= Asaph Fipke =

Canadian producer

Asaph Fipke is a Canadian producer, writer, director, and the creator of the animated series Storm Hawks, which was made by the animation studio he co-founded, Nerd Corps Entertainment, in cooperation with Cartoon Network and YTV. He is also the creator of both the animated series Slugterra and Rated A for Awesome which aired on Disney XD and Endangered Species, which was also produced by Nerd Corps Entertainment that aired on Teletoon as well as the executive producer of the sixth and seventh seasons of My Little Pony: Friendship Is Magic, which currently airs on Discovery Family, and game show Airmageddon, which aired on CBBC.

==Career==
Fipke studied at the University of British Columbia and the Vancouver Film School.

Fipke began his career with computer animation starting with his employment at Mainframe Entertainment, where he worked on series such as Beast Wars: Transformers (as associate producer) and Beast Machines: Transformers (as producer and supervising production designer). In addition, he worked on productions for ReBoot, the 2000 series of Action Man, the TV adaptation of Heavy Gear, Max Steel and Barbie in the Nutcracker. He eventually became Senior Vice President of Development and Production at Mainframe Entertainment in 2000, however abandoned the position in 2001.

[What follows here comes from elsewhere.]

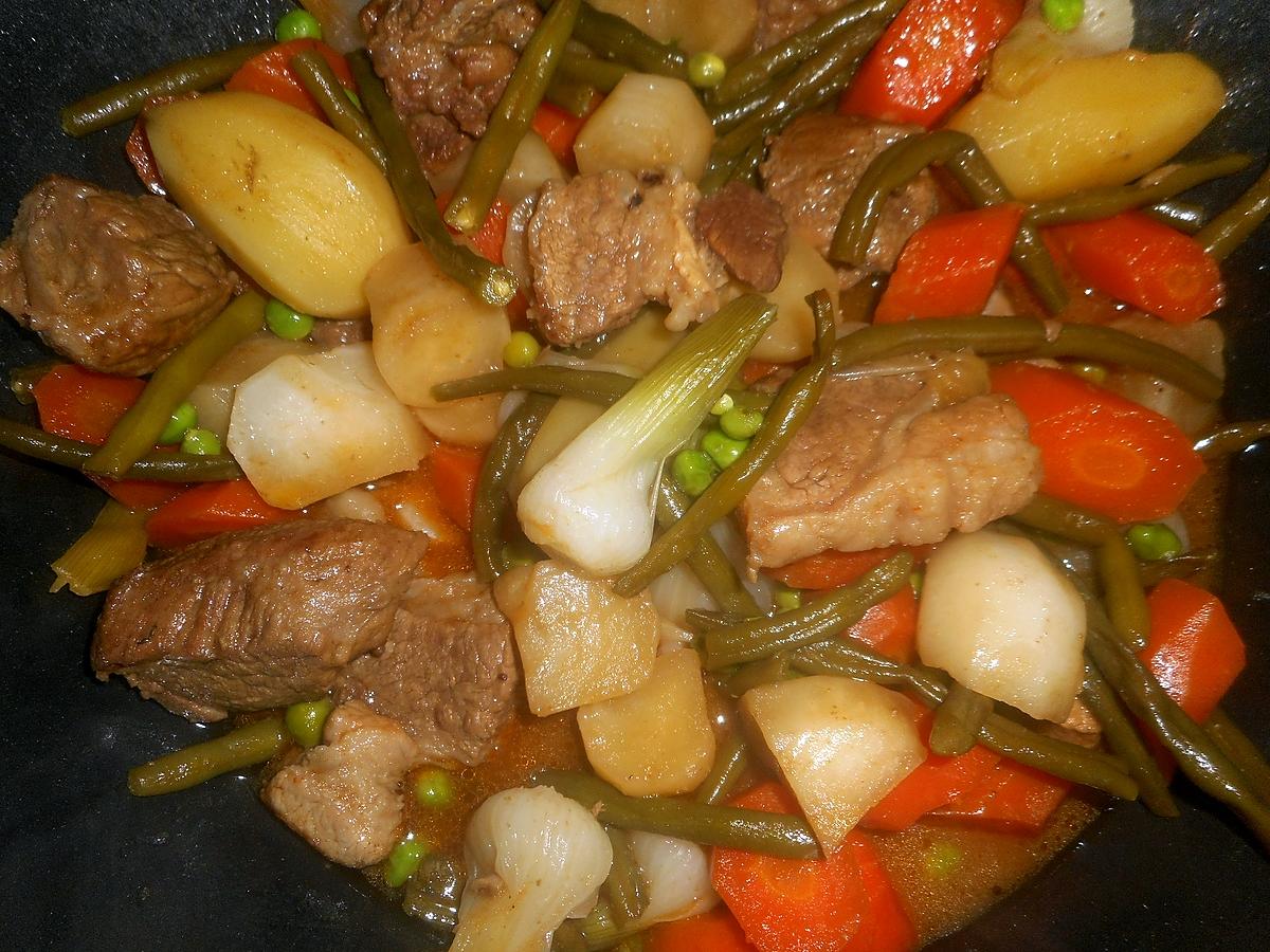 Mots-clés: beurre, carottes des sables, haricots vert, jus de veau, navets, oignons nouveaux, petit pois, pommes de terre, sauté de veau, tendron de veau, vin blanc

In 2002, Fipke founded Nerd Corps Entertainment in Vancouver, along with fellow animation producer Chuck Johnson. The company's first animated series, Dragon Booster, won Fipke a Gemini Award for Best Animation Program or Series in 2005 and a Leo Award nomination in the same category in 2006.

==Filmography==
Television Series:
- Beast Wars: Transformers (1996–1999): Associate producer and television director.
- Storm Hawks (2007–2009): Creator and producer.
- League of Super Evil (2009–2012): Creator and producer.
- Rated A for Awesome (2011–2012): Creator and producer.
- Slugterra (2012–2016): Creator and producer.
- Endangered Species (2015): Creator.
- The Deep (2015–2017): Executive producer.
- My Little Pony: Friendship Is Magic (seasons 6 and 7) (2016–2017): Executive producer.
Films:
- Barbie in the Nutcracker (2001): Executive producer.
- Monster High series (various films): Executive producer.
- My Little Pony: The Movie (2017): Executive producer.